2.  **APIs Enabled:** The Document AI API must be enabled in your GCP project.
3.  **Document AI Processor:**
    *   A Document AI processor created. For this notebook, the **Layout Parser** processor type is expected.
    *   Note down the **Processor ID** and the **Location** (region, e.g., `us`, `eu`) where it was created.

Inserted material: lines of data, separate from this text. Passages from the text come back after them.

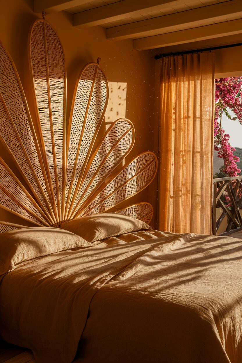A cane headboard can be the focal point of your bedroom. It adds a touch of nature and craftsmanship.
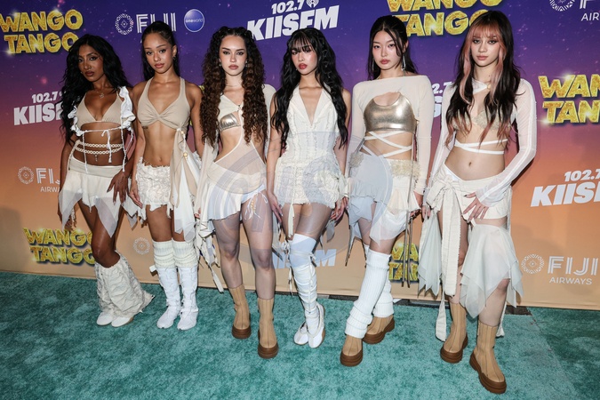 HUNTINGTON BEACH, ORANGE COUNTY, CALIFORNIA, USA - MAY 10: Lara Raj, Manon Bannerman, Daniela Avanzini, Sophia Laforteza, Jeung Yoon-chae and Megan Skiendiel of American girl group KATSEYE arrive at iHeartRadio's 102.7 KIIS FM Wango Tango 2025 Presented by Fiji Airways held at the Huntington City Beach on May 10, 2025 in Huntington Beach, Orange County, California, United States., Credit:Xavier Collin / Avalon
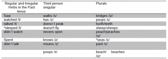 Based on the objectives of the Wug Test, the following section pretends to give an overview of the theoretical foundation of the different morphemes for this study: pronunciation of the plural forms of nouns, third person singular verb endings, and past tense of regular verbs.
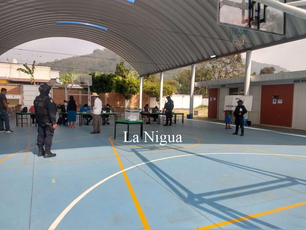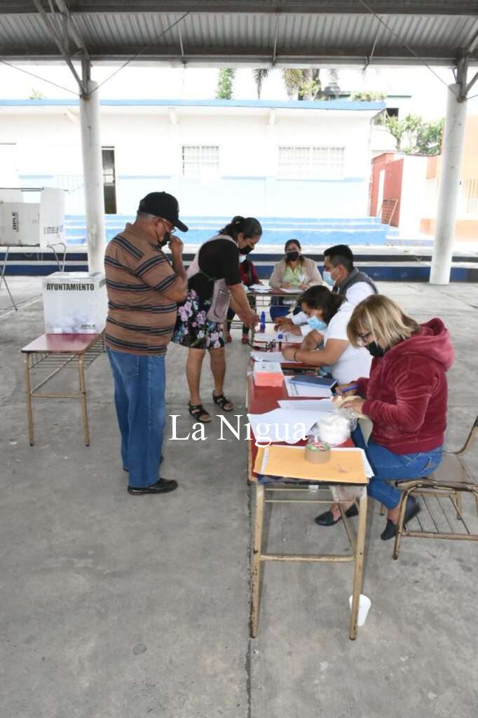 Los ciudadanos cuidan las medidas sanitarias y por otra parte elementos de la Policía Municipal se mantienen en constantes recorridos para brindar las condiciones de seguridad en estos comicios.

    *   You can use a specific processor version (e.g., `pretrained-layout-v1.0-2022-11-10`) or a stable alias like `rc` (release candidate) or `stable`. Refer to [Managing Processor Versions](https://cloud.google.com/document-ai/docs/manage-processor-versions).
4.  **Google Cloud Storage (GCS):**
    *   A GCS bucket within your project.
    *   The PDF document you want to process must be uploaded to this bucket. Note down the **GCS URI** (e.g., `gs://your-bucket-name/path/to/your-document.pdf`).
5.  **Python Environment:** Python 3.7+ installed.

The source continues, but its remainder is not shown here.